Source data:
- - -
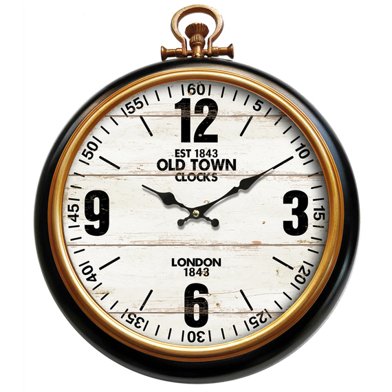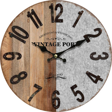 Ρολόι τοίχου στρογγυλό από μέταλλο και ξύλο με πρωτότυπο πάτερν για φόντο και μαύρους δείκτες.
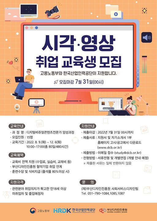 부산디자인진흥원은 디자인 혁신을 이끌 핵심 디자인 전문인력 양성을 위해 2022년 디지털비주얼콘텐츠 전문가 과정 취업 교육생을 오는 31일까지 모집한다고 밝혔다.
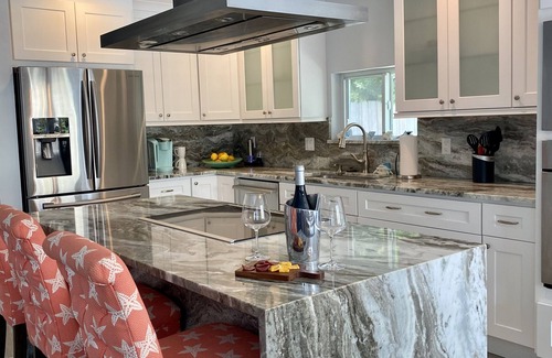 The kitchen is very well stocked and fully equipped including: double sink, full sized refrigerator, dishwasher, range, microwave, Keurig coffee machine, toaster and all the other small appliances, utensils and cookware you will need. Any special requests for any specific small appliances can usually be met with enough notice. We can do your initial grocery shopping (for a small fee) for you prior to your arrival, so you can start your enjoying your vacation the moment you walk in the door. We do provide a complimentary first round of K-Cups for the Keurig. A BBQ gas grill is also provided for your use in the backyard.
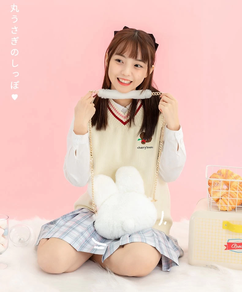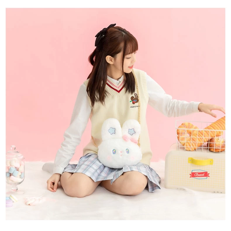 1 * Kawaii White Plush Rabbit Messenger Bag
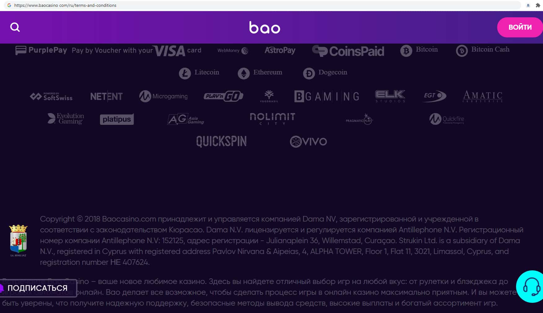 Казино Бао Казино, как и все мошеннические организации, зарегистрировано в офшорной зоне - на Кипре. Из-за своего местоположения руководство Бао Казино не может понести уголовной ответственности.
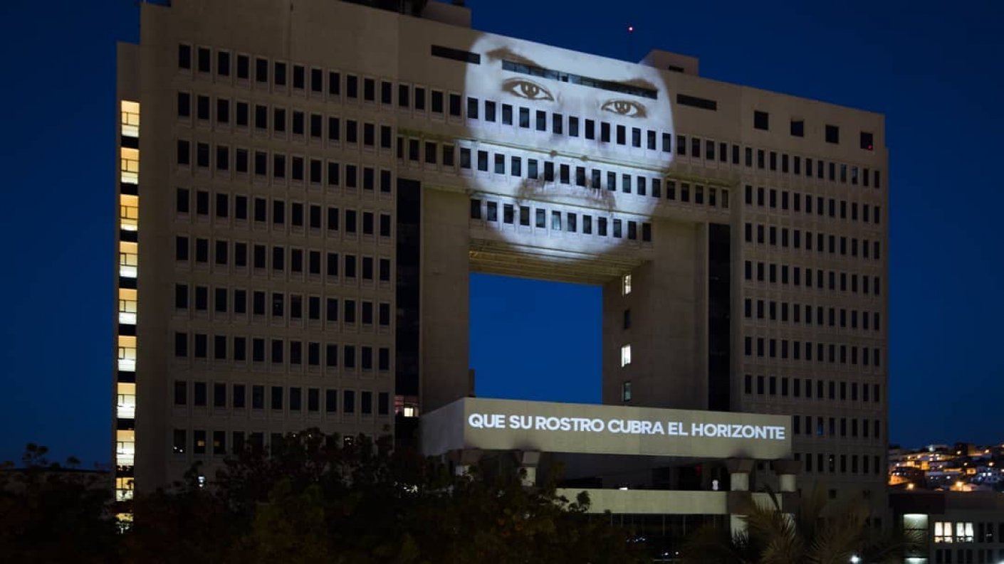 "Que su rostro cubra el horizonte", también se lee en el Congreso, la frase elegida para proyectar sobre el edificio.
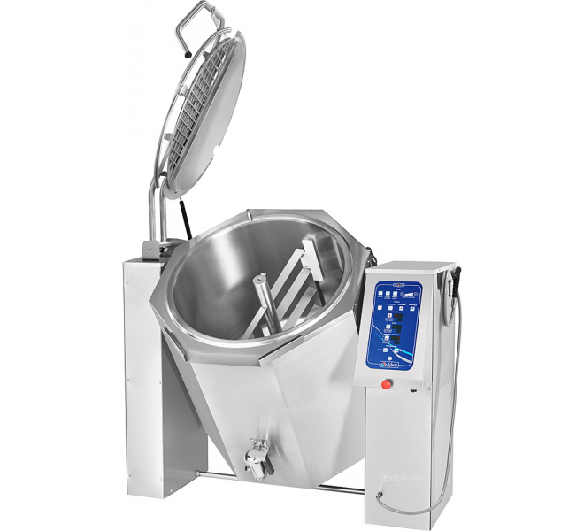 - Слив готового продукта путем опрокидывания варочного сосуда с помощью электропривода
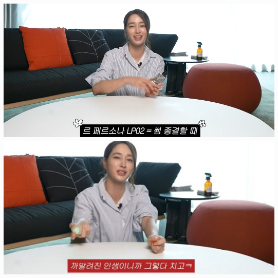 그중에서도 ‘르 페르소나’ 향수를 추천하며 “여자분들 호불호 없이 좋아할 향”이라고 설명한 이민정은 “세 번째 데이트에 추천한다”고 말해 눈길을 끌었다. 이어 “맑고 청량한 향”이라며 “썸을 확신으로 바꾸고 싶은 날 뿌리면 좋다”는 팁도 덧붙였다.
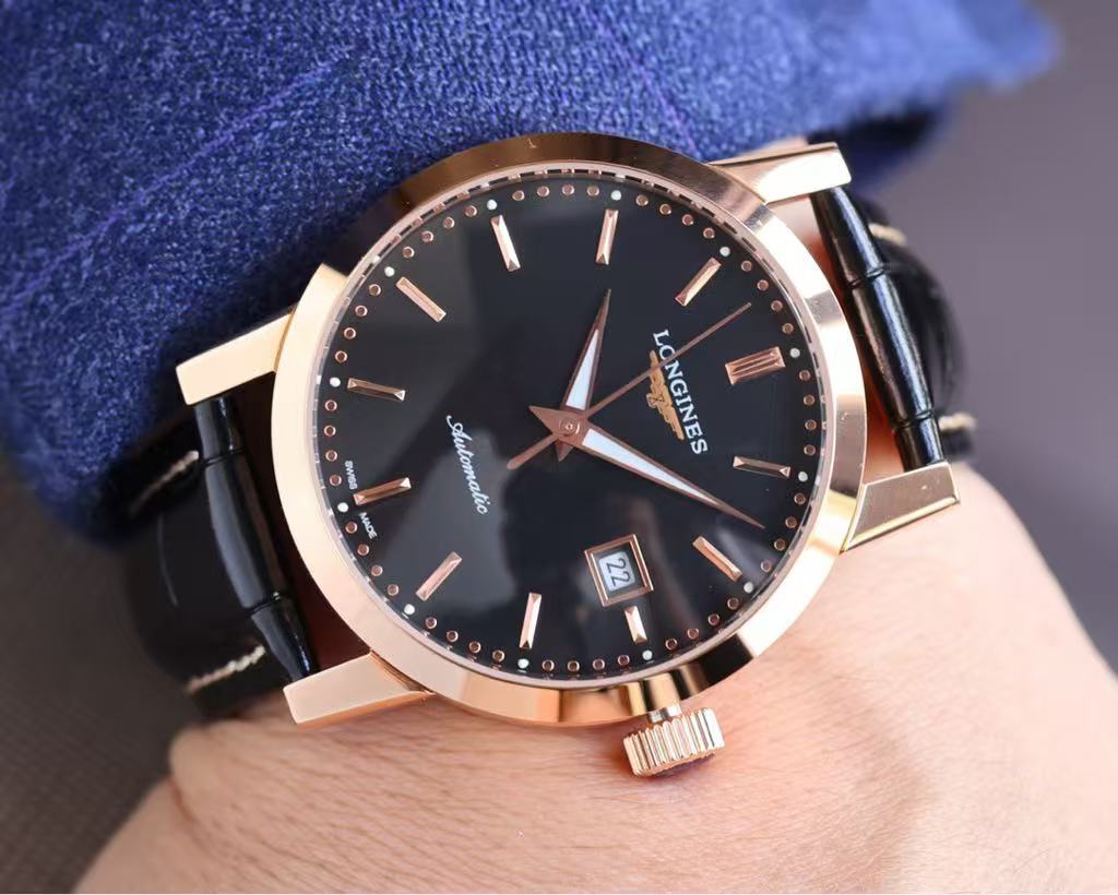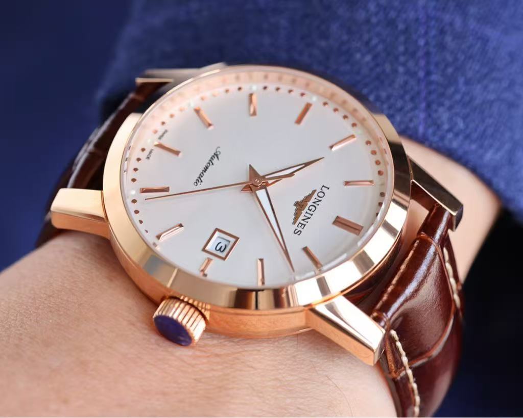 At the center, the iconic “LONGINES” logo is elegantly displayed above the winged hourglass emblem, symbolizing heritage and precision. Below it, the word “Automatic” subtly highlights its self-winding mechanical movement. A date window at 3 o’clock provides practical functionality without disrupting the clean design. The “Swiss Made” inscription at 6 o’clock underscores its high-quality craftsmanship.
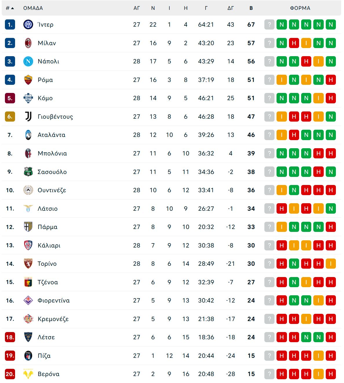 Τα αποτελέσματα και το υπόλοιπο πρόγραμμα της 28ης αγωνιστικής της Serie A:
- - -
Task details
Retype the records above word for word, from their first line through the line containing "부산디자인진흥원은 디자인 혁신을", and leave out every picture.

Written reply
 Ρολόι τοίχου στρογγυλό από μέταλλο και ξύλο με πρωτότυπο πάτερν για φόντο και μαύρους δείκτες.
 부산디자인진흥원은 디자인 혁신을 이끌 핵심 디자인 전문인력 양성을 위해 2022년 디지털비주얼콘텐츠 전문가 과정 취업 교육생을 오는 31일까지 모집한다고 밝혔다.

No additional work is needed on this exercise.